What is being asked:
No pictures go into the copy. Write out exactly the lines below from the one containing "Two validations were" through the one containing "Tullamore; County of".

Working data:

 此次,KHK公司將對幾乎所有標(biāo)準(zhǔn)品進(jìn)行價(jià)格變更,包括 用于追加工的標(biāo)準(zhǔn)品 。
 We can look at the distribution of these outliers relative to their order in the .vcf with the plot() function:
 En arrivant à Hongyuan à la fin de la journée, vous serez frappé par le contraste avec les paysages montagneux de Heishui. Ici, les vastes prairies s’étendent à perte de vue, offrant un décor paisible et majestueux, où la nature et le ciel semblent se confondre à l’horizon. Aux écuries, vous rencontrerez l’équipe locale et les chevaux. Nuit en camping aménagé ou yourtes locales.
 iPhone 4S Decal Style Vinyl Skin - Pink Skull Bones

--

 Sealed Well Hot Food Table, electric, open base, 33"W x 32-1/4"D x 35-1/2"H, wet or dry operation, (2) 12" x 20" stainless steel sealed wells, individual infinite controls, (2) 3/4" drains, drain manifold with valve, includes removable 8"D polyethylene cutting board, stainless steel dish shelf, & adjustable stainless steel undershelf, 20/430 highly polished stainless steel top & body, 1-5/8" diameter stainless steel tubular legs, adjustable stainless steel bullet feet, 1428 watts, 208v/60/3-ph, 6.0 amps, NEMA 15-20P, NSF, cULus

...

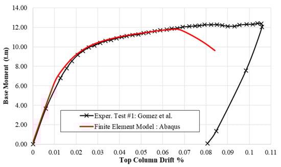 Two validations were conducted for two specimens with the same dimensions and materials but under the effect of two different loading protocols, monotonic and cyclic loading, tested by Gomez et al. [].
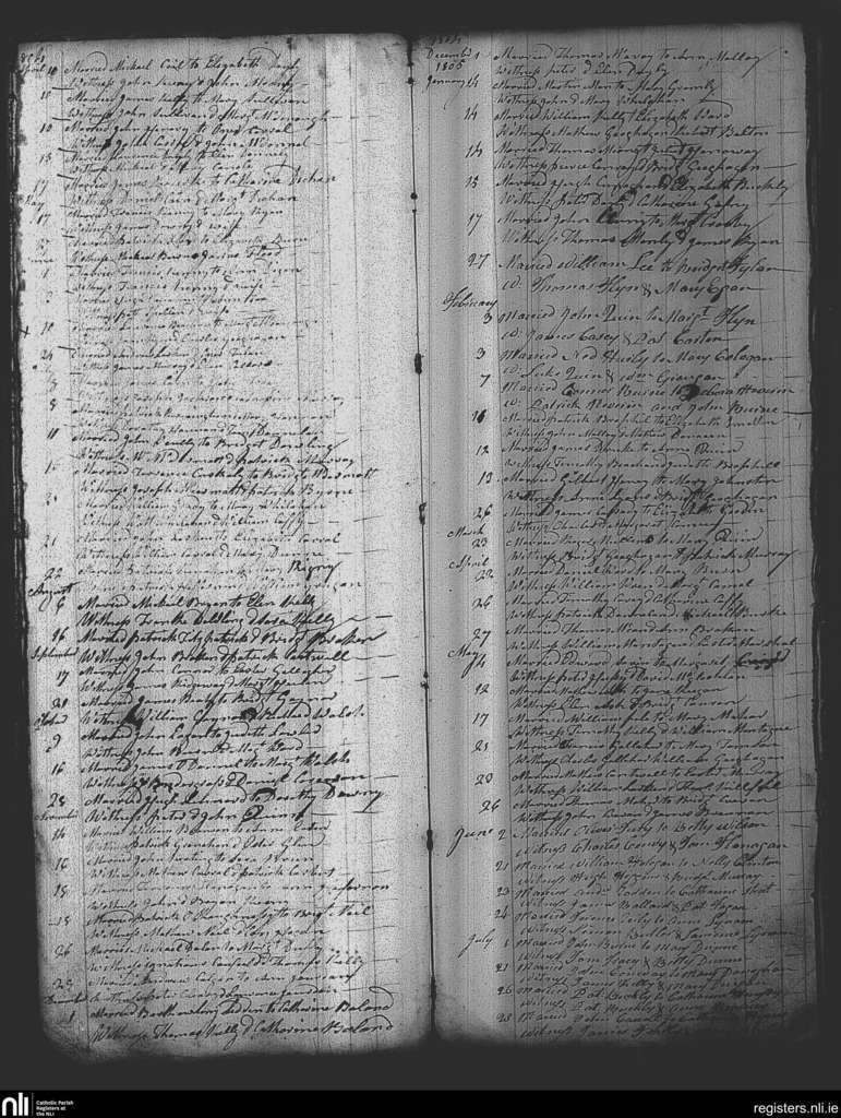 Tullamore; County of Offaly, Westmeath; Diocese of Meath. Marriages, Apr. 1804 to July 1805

Exercise response:
 Two validations were conducted for two specimens with the same dimensions and materials but under the effect of two different loading protocols, monotonic and cyclic loading, tested by Gomez et al. [].
 Tullamore; County of Offaly, Westmeath; Diocese of Meath. Marriages, Apr. 1804 to July 1805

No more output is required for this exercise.